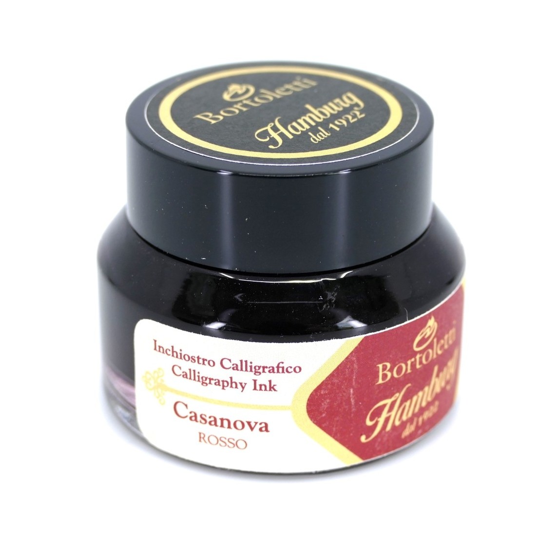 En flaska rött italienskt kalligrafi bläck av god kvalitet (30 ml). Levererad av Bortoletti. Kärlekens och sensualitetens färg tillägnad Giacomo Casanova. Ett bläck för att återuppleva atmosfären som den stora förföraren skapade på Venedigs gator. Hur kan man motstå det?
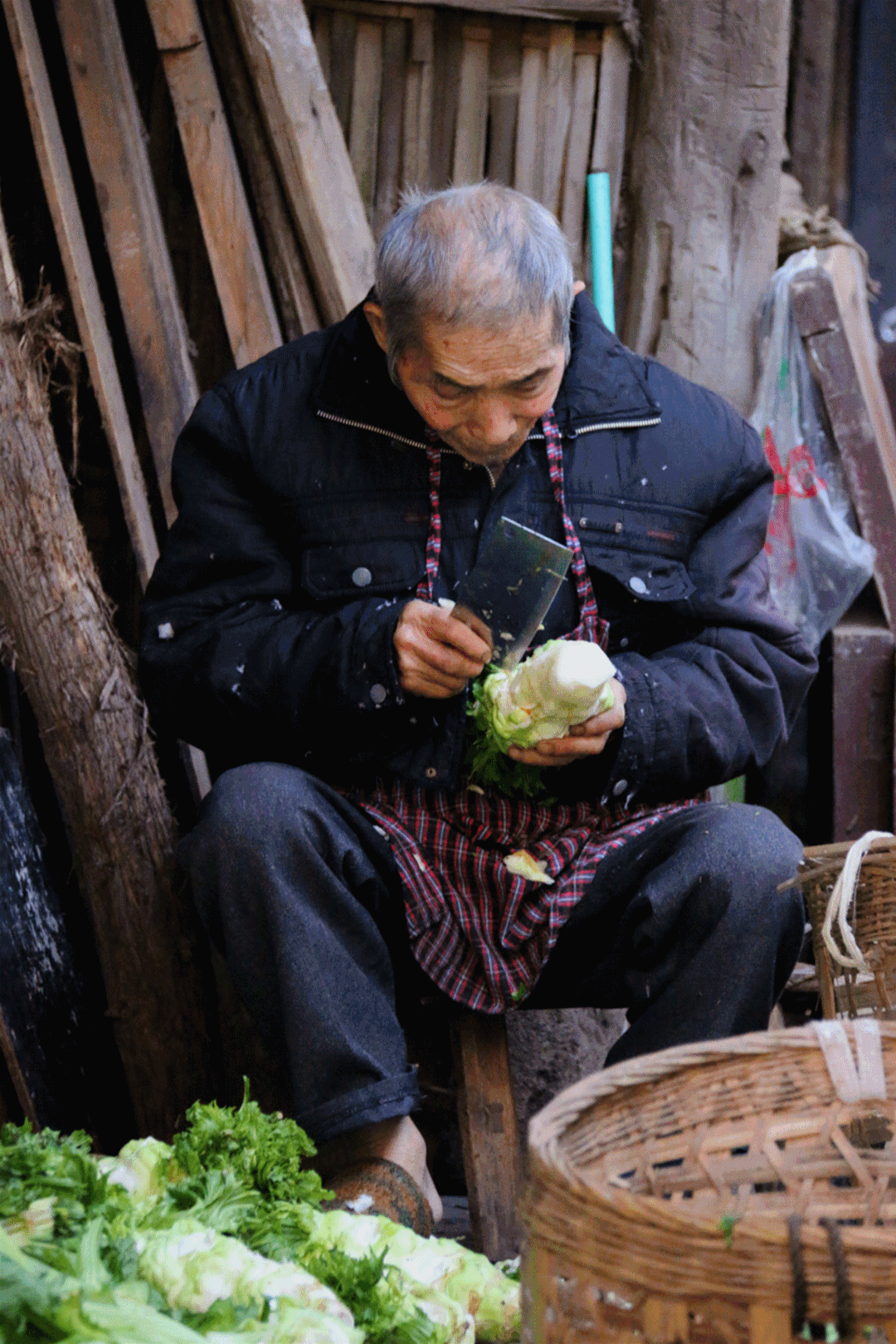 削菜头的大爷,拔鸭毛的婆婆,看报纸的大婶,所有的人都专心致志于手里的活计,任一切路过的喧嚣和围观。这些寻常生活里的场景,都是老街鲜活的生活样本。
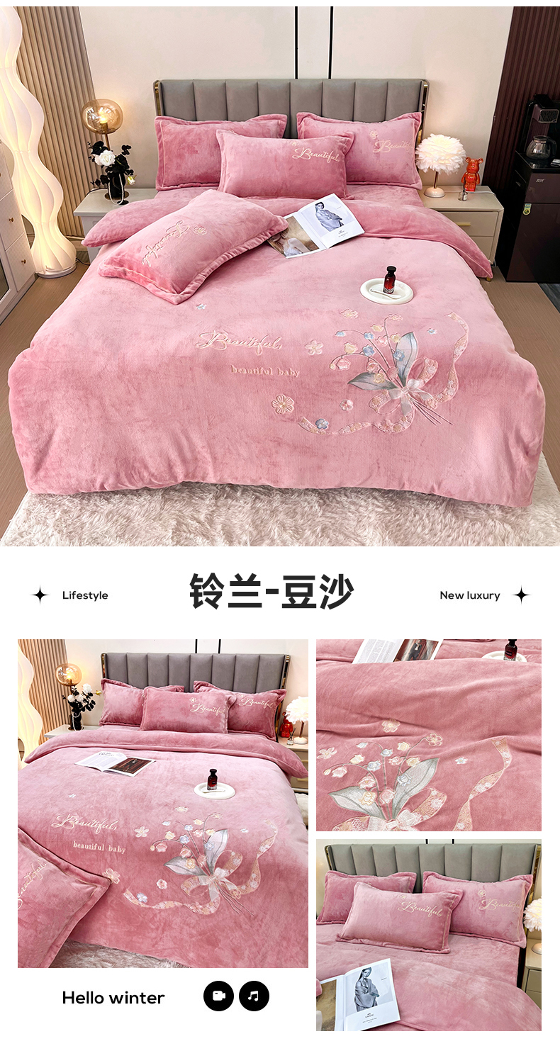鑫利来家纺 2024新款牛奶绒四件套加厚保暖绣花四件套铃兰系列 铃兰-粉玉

⁂

__The task__.
A word-for-word copy of the lines from the one with "削菜头的大爷,拔鸭毛的婆婆,看报纸的大婶" through the final line of the listing above is the whole answer, and it contains no pictures.

__Result__.
 削菜头的大爷,拔鸭毛的婆婆,看报纸的大婶,所有的人都专心致志于手里的活计,任一切路过的喧嚣和围观。这些寻常生活里的场景,都是老街鲜活的生活样本。
鑫利来家纺 2024新款牛奶绒四件套加厚保暖绣花四件套铃兰系列 铃兰-粉玉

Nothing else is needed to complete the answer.